We fall prey to perfectionism.

We’ve been taught that being smart means presenting as perfectly as possible. This keeps many of us from putting much of ANYTHING out there (much less our truest selves) for fear of being found out for all our “flaws.”

 “Perfectionism is not a quest for the best. It is a pursuit of the worst in ourselves, the part that tells us that nothing we do will ever be good enough.”

We think ourselves out of taking chances.

Because we are smart, we can easily talk ourselves out of just about anything. Arguments that keep us within our comfort zone (at the expense of our joy) may be convincing, but rarely lead us to the sense of fulfillment we seek.

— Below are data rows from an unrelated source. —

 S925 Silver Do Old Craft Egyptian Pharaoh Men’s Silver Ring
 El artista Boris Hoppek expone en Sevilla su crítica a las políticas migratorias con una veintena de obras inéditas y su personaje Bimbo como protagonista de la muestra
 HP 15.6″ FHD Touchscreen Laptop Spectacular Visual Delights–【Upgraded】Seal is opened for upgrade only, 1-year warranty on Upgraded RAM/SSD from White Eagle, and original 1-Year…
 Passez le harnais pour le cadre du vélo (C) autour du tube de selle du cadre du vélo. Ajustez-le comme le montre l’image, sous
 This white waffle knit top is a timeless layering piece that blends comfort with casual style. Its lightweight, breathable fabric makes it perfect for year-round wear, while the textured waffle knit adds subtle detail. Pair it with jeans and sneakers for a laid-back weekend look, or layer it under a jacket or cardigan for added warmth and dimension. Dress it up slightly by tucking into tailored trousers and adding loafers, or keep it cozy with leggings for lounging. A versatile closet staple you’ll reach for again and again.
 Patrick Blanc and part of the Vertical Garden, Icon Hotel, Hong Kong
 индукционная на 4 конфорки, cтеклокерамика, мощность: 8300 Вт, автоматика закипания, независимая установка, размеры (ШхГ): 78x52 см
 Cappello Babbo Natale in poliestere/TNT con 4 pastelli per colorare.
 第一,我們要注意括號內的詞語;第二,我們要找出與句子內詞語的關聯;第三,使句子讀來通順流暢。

We try to right the present by overthinking our past.

Though reflection and story sorting is essential to growth and healing, many of us get so good at making sense of our past that it detracts from our present. Spending a greater percentage of our time in the present moment through mindful awareness increases the quality of everything we do.

We attempt to avoid pain.

Our culture teaches us that pain is bad and to be avoided at all cost. The truth is that pain is an inevitable part of our experience and essential for growth and healing. By facing painful situations, allowing them to teach us what we’re meant to learn and letting them pass through us, our fears of being hurt have less and less power over us.

We’re vague about what we want in life.

Our lives are so full of options that it’s easy to live in a state of constant indecision. By learning to silence the noise around us (and within our busy minds) we become more clear about what it is we really want, which is an essential step toward creating lives we love.

We apologize or make excuses for our awesomeness.

Because every version of brilliance is unique and therefor easily labeled as weird or socially unacceptable, we try to fit in by dumbing ourselves down. Being fully ourselves can even seem like a burden to others, depending on whether we were validated for who we truly are when we were young. To apologize for who we are, however, is to apologize for being a piece of the universe. No gift so invaluable as this needs justification.

We take things personally.

Nothing anyone does is really about you. People’s reactions to you are based on their limited awareness and emotions. Taking things personally is a way we distort our sense of importance. We are important, just not based on whether or not others approve of us.

We believe the myth of failure.

Failure is not a fact, failure is a judgement. When we think we might fail, we hold back our greatest gifts for fear of finding out we’re worth even less than we thought. By thinking of failures, instead, as powerful game changers or essential life lessons, we can choose to gain from them and keep going, better equipped.

No matter how confusing our culture makes it seem, your unique brilliance is exactly what the world needs. In fact, it’s the ONLY thing the world needs from you.